- _PROBLEM DESCRIPTION_
Through the line with "พุธพักใจ (Poot Pak" and starting from the first line, return the records below word for word, with pictures left out.

"""

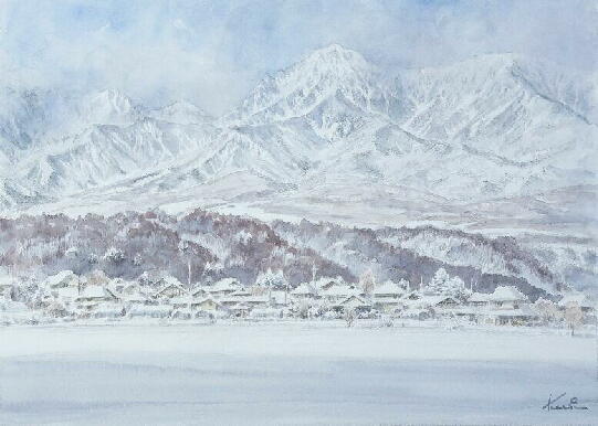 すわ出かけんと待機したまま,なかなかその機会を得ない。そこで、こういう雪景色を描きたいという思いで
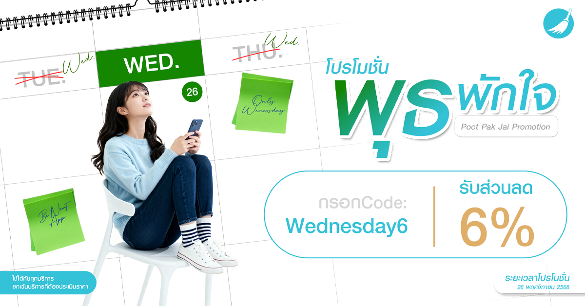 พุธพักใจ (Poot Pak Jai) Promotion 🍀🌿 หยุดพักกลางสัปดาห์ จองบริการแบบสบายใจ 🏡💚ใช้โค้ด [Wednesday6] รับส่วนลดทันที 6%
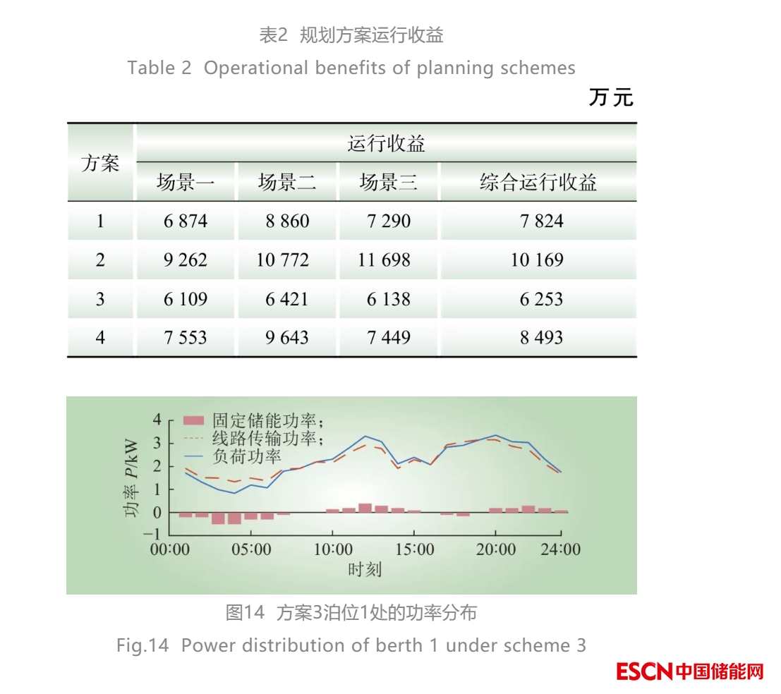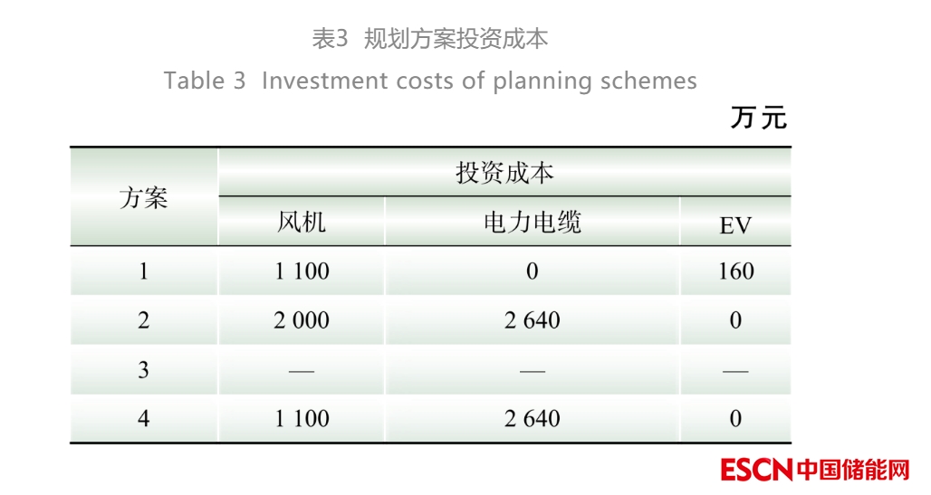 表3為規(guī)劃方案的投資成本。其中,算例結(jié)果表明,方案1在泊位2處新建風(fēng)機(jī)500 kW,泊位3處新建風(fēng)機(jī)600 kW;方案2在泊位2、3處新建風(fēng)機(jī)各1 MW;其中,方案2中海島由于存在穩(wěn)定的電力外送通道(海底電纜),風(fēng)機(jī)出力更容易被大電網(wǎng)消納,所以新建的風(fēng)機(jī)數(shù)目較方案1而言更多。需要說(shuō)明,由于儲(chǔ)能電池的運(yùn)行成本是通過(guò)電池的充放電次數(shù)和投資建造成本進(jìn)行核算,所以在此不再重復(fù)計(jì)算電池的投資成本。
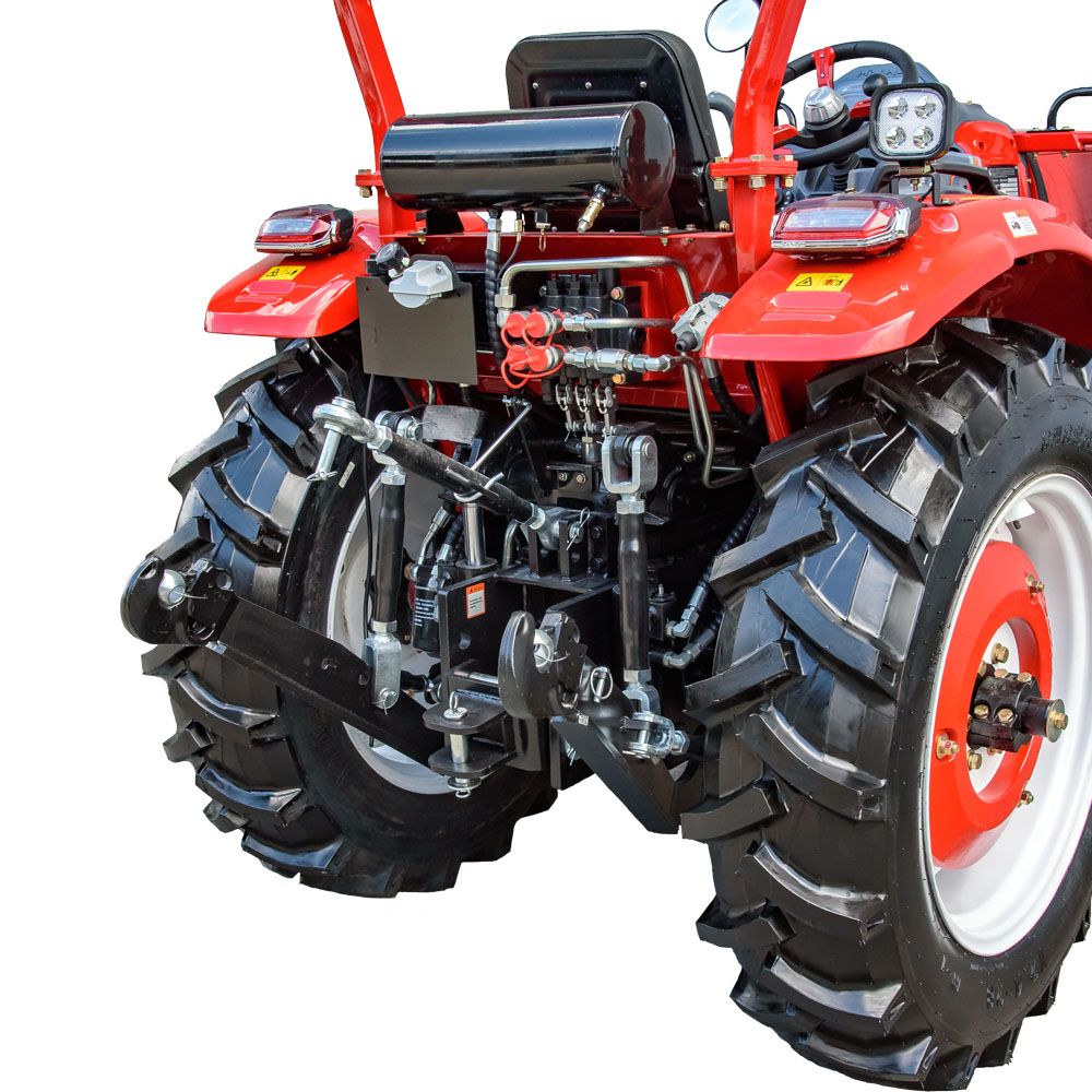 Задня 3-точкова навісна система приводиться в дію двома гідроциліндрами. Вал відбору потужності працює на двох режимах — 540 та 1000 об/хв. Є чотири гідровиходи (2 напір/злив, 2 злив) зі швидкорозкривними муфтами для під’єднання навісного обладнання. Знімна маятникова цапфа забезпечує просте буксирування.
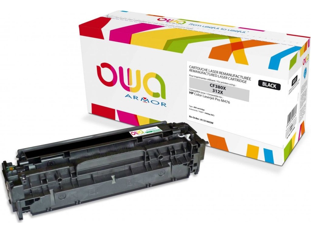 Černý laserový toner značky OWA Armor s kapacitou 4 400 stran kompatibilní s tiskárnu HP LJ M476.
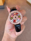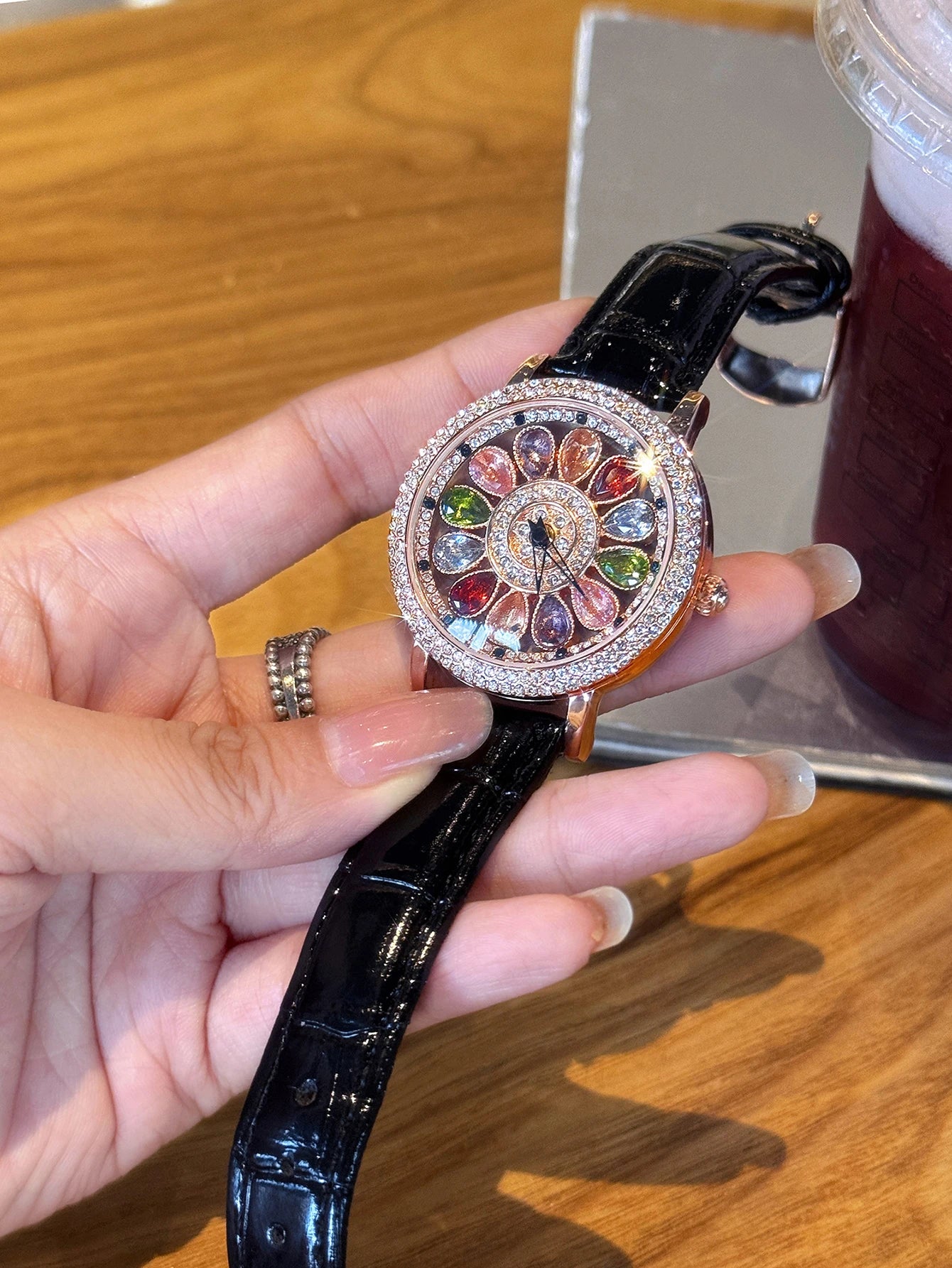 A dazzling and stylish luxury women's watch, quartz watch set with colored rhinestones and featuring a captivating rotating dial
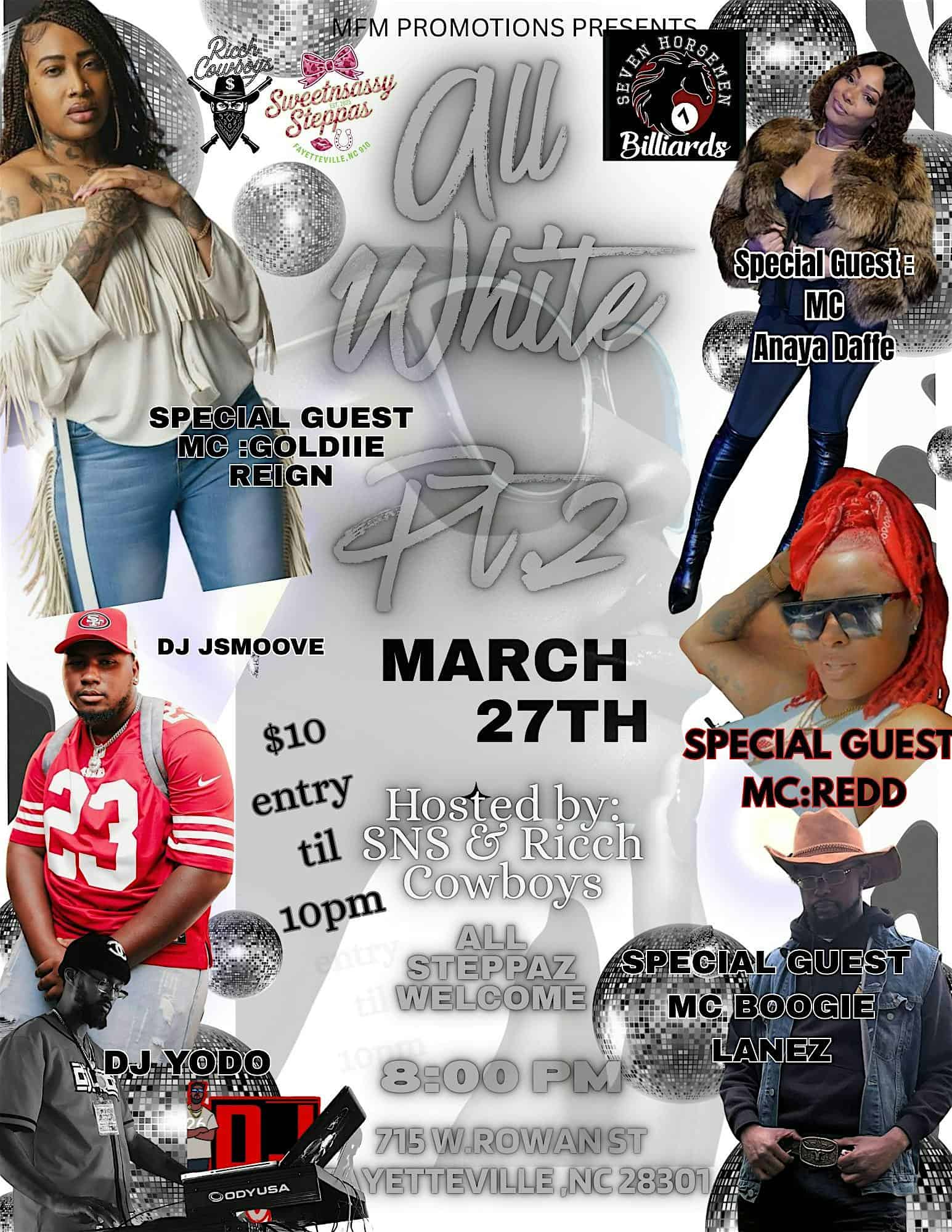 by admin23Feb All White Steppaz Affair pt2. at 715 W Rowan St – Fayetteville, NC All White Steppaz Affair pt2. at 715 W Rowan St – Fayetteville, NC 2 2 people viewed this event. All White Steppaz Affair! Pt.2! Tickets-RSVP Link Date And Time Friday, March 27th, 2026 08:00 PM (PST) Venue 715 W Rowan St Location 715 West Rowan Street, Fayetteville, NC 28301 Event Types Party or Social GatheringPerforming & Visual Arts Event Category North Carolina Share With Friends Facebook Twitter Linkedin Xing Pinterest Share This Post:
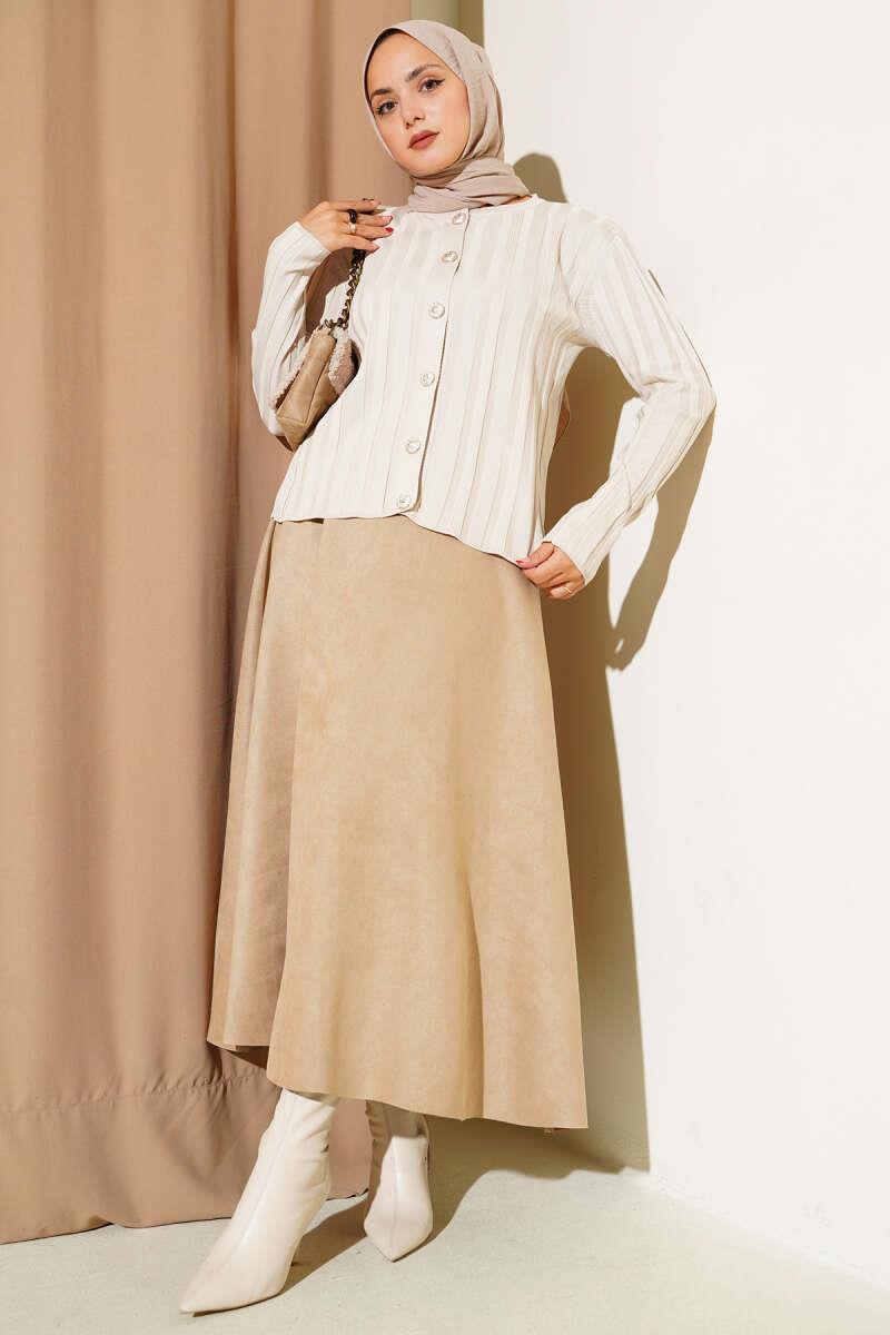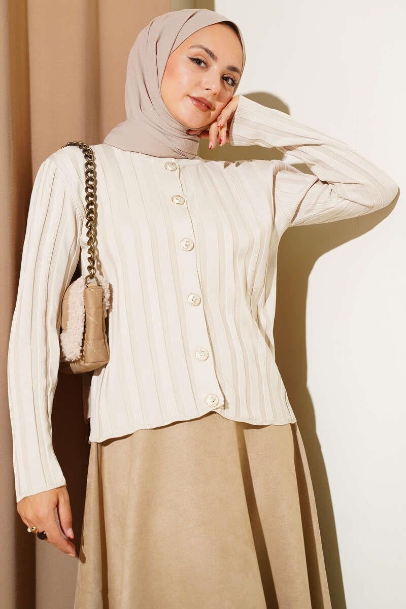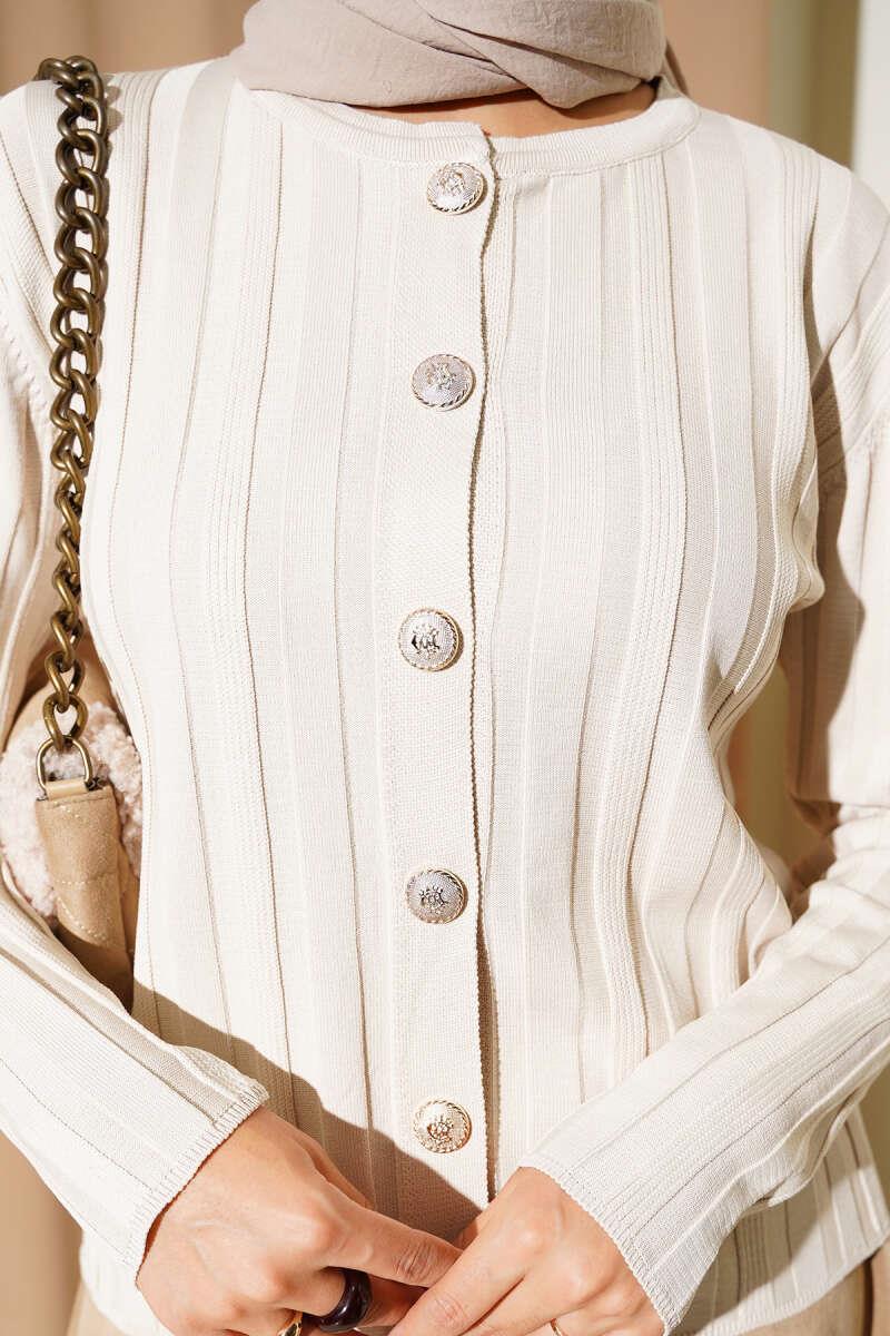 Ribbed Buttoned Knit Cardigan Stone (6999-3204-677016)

"""

- _WRITTEN ANSWER_
 すわ出かけんと待機したまま,なかなかその機会を得ない。そこで、こういう雪景色を描きたいという思いで
 พุธพักใจ (Poot Pak Jai) Promotion 🍀🌿 หยุดพักกลางสัปดาห์ จองบริการแบบสบายใจ 🏡💚ใช้โค้ด [Wednesday6] รับส่วนลดทันที 6%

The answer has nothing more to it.